_The data_:
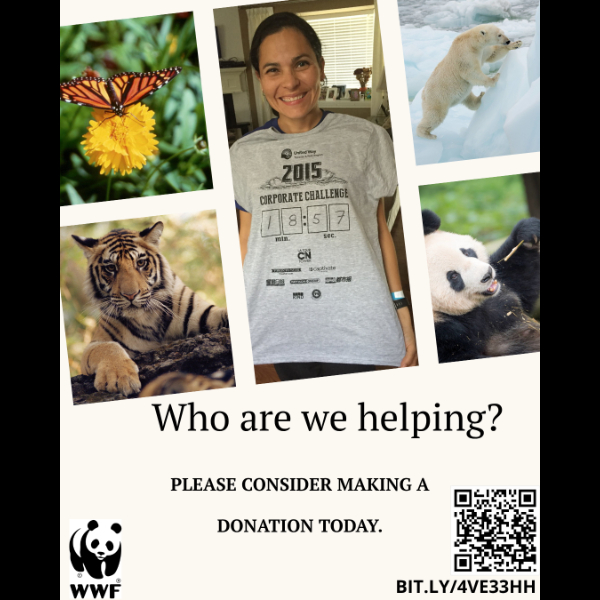 While I am doing my part, I am counting on you to help me reach my fundraising goal. The funds I raise will help support WWF-Canada's efforts to restore nature, reverse wildlife loss and fight climate change.
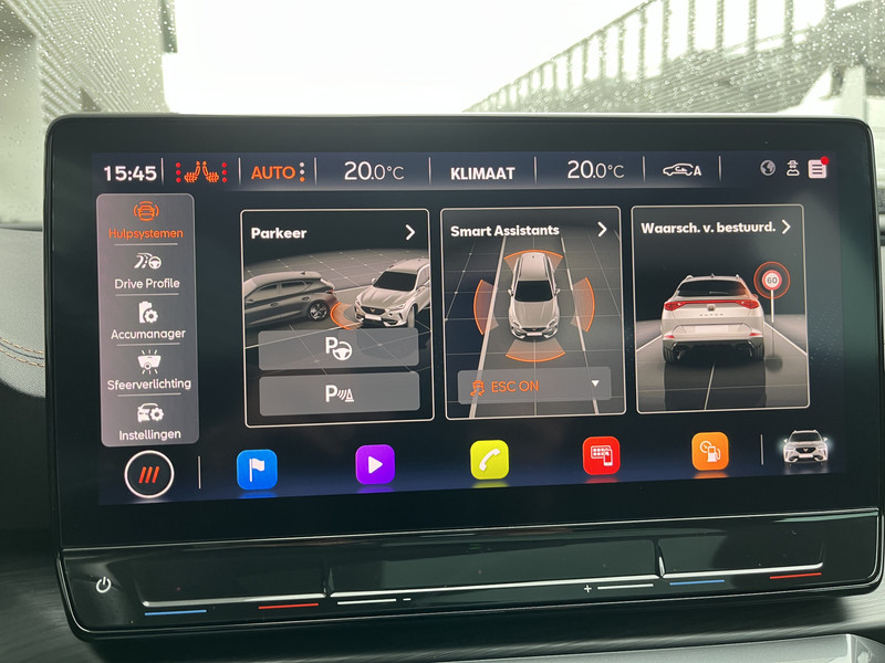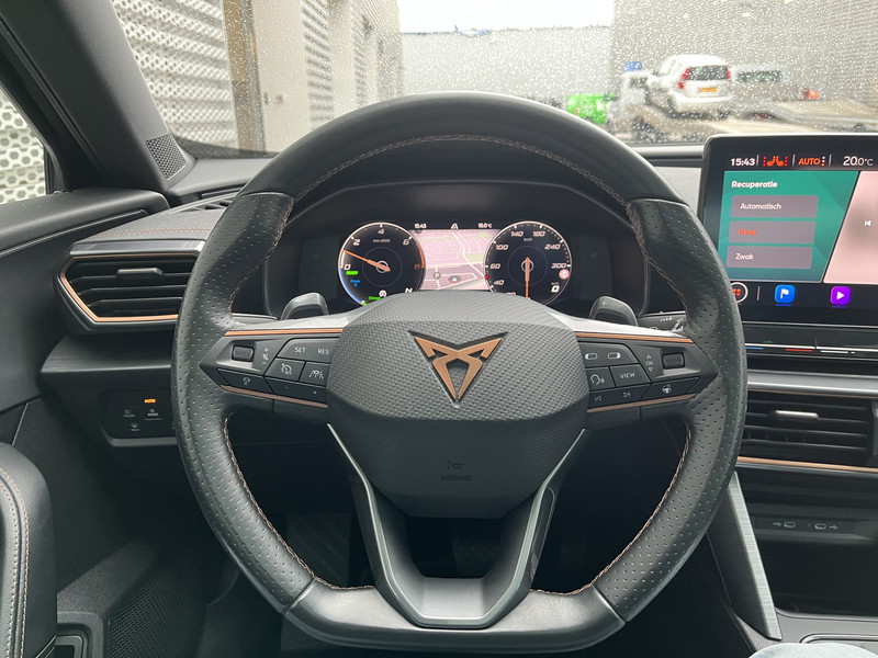 De slimme lay-out van het digitale dashboard zorgt voor een uitstekend overzicht onderweg. Als je de adaptive cruise control inschakelt, regelt de auto zelf de snelheid en de afstand tot de auto voor je. In de file rijden vreet concentratie. Daarom komt de file assistent te hulp om veilig afstand te houden en automatisch te stoppen als je voorligger stilstaat. Net als een smartphone of een slimme speaker kun je deze auto bedienen met stemcommando's. Selecteer jouw reisbestemming en het full map navigatiesysteem brengt je snel waar je moet zijn. Je bent in deze CUPRA ook voorzien van achteropkomend verkeer waarschuwing, automatische airconditioning, schakelpaddles aan het stuur, draadloos opladen, DAB ontvangst en parkeersensoren achter.
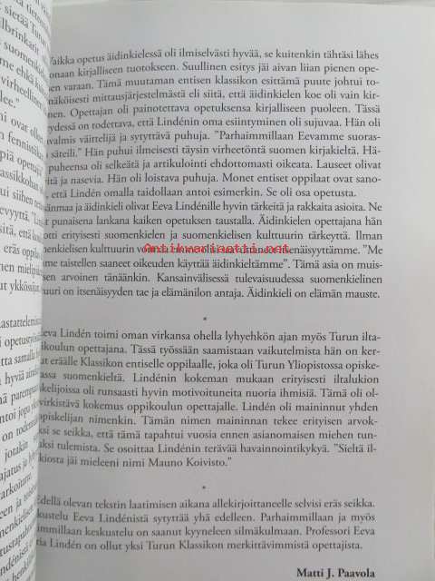 | Saatavilla | 1 kpl | | Julkaisuvuosi | 2006 | | Sivuja | 186 | | Kunto | K2 | | Kärsinyt | | Sidonta/painoasu | Nidottu (pehmeäk.) | | ISBN | 951-9129-67-7 | | Kielet | Suomi |
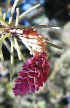 所有的松树都是雌雄同株的。雄球花通常位于树冠的中下部,雌球花通常位于树冠的中上部,但这些不显眼的球花常常会被人忽略。

_Required action_: Please return the whole listing exactly. Do not copy its images.

_Task result_:
 While I am doing my part, I am counting on you to help me reach my fundraising goal. The funds I raise will help support WWF-Canada's efforts to restore nature, reverse wildlife loss and fight climate change.
 De slimme lay-out van het digitale dashboard zorgt voor een uitstekend overzicht onderweg. Als je de adaptive cruise control inschakelt, regelt de auto zelf de snelheid en de afstand tot de auto voor je. In de file rijden vreet concentratie. Daarom komt de file assistent te hulp om veilig afstand te houden en automatisch te stoppen als je voorligger stilstaat. Net als een smartphone of een slimme speaker kun je deze auto bedienen met stemcommando's. Selecteer jouw reisbestemming en het full map navigatiesysteem brengt je snel waar je moet zijn. Je bent in deze CUPRA ook voorzien van achteropkomend verkeer waarschuwing, automatische airconditioning, schakelpaddles aan het stuur, draadloos opladen, DAB ontvangst en parkeersensoren achter.
 | Saatavilla | 1 kpl | | Julkaisuvuosi | 2006 | | Sivuja | 186 | | Kunto | K2 | | Kärsinyt | | Sidonta/painoasu | Nidottu (pehmeäk.) | | ISBN | 951-9129-67-7 | | Kielet | Suomi |
 所有的松树都是雌雄同株的。雄球花通常位于树冠的中下部,雌球花通常位于树冠的中上部,但这些不显眼的球花常常会被人忽略。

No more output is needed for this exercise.